Lunch at 11:10.....our nurse had no mention of Maddison needing to return for a blood sugar check anywhere the remaining school day (??????) I guess we wait until she gets home at 3:30pm? Ummmmmm........What? Is this the same nurse that I drove bonkers last year with emails and phone calls? Suddenly Maddison is older and in 3rd grade so Diabetes is behaving? Ideally Maddison is checked 2.5 hours after eating, unless things have been going "predictably" which, isnt often. Dont kids NEED to be checked this often at school to assure they are at their learning potential without highs and lows? Now I'm stressed and my mind starts remembering how difficult back to school is with Diabetes. I'm not sure what will work out best for Maddison. As always, we experiment and adjust accordingly. I hate that part of Diabetes! Just 3 more days!

4 comments:

Wendy said...

WHAT????? One test at school????

When you find out how to manage 7-8waking hours (food, activity, schol stress, yada, yada, yada) with only 1 test, please let me know. This pancreas needs the downlow.

Meri said...

You put in the work, you have to trust that Maddison is going to have a wonderful year in 3rd grade.

But sheesh! We can't think for everyone, this nurse has got to step up and admit that you know diabetes, and what is best for your daughter, better than she does!

Sandra Miller said...

type1mom -

This isn't right. Did Maddison's diabetes physician sign off on her care plan? If her doc includes a standing order for Maddison to be checked 2.5 hours after breakfast, the nurse cannot change that.

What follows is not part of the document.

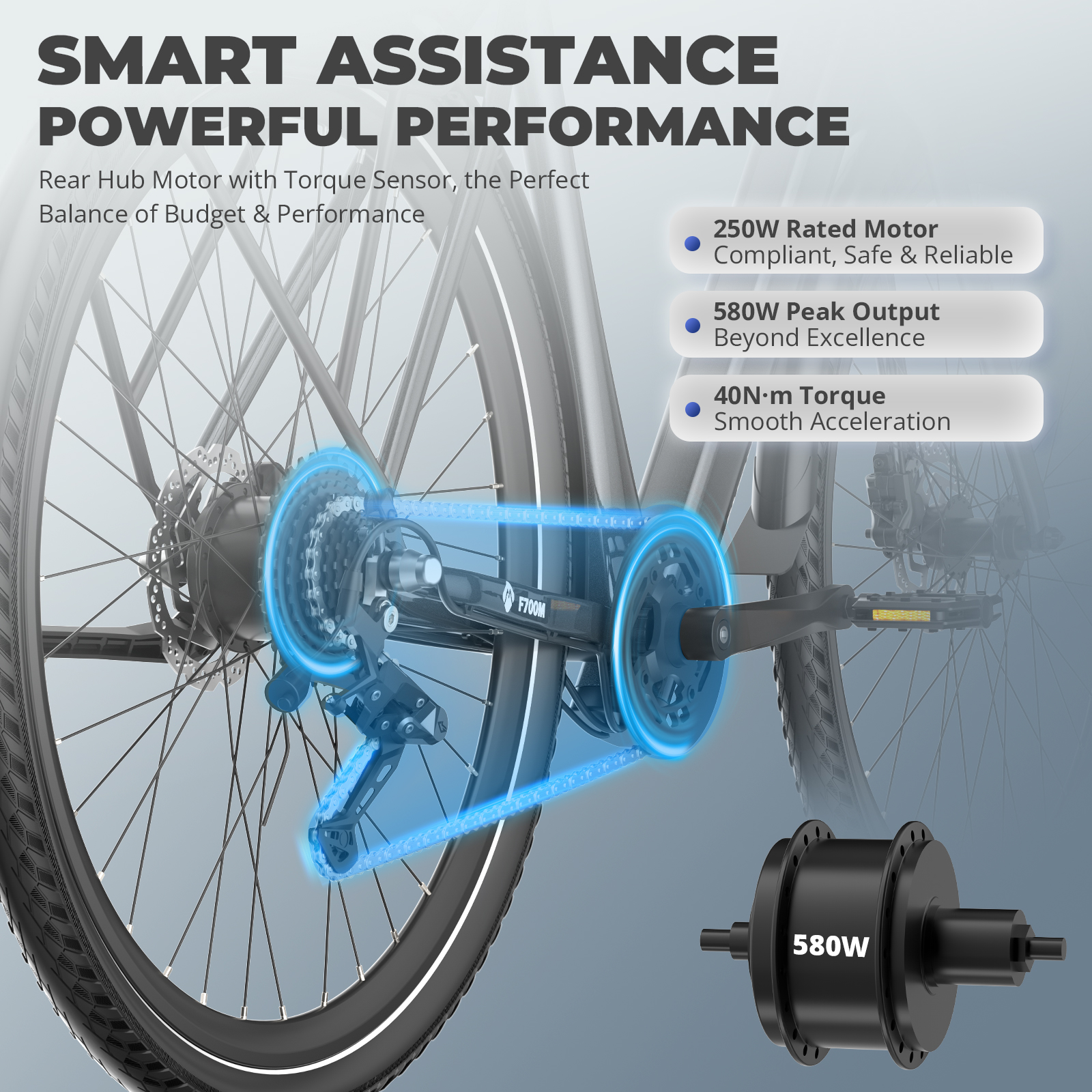 FAFREES F700W on kaupunkiajoon suunniteltu sähköpyörä, jossa yhdistyvät kevyt alumiinirunko, tehokas 36V 250W takanapamoottori ja vääntöanturi luonnolliseen avustustuntumaan.

Have you thought about putting a 504 plan in place?

Though it was quite the struggle to get a 504 for my son two years ago, it's a much easier process now-- thanks to the Americans with Disabilities Amendments Act of 2008.

If you'd like to talk about any of this, feel free to email me directly (sandra_lm@yahoo.com).

Hang in there,

Sandra

LakeLady said...

As an ex school nurse I have a right to ask this question. Why doesn't the nurse go to her? I traveled my school with a locked med/emergency cart which included a walk and talk. Portable Nurse and Office on the go! Worked great didn't it, Wendy?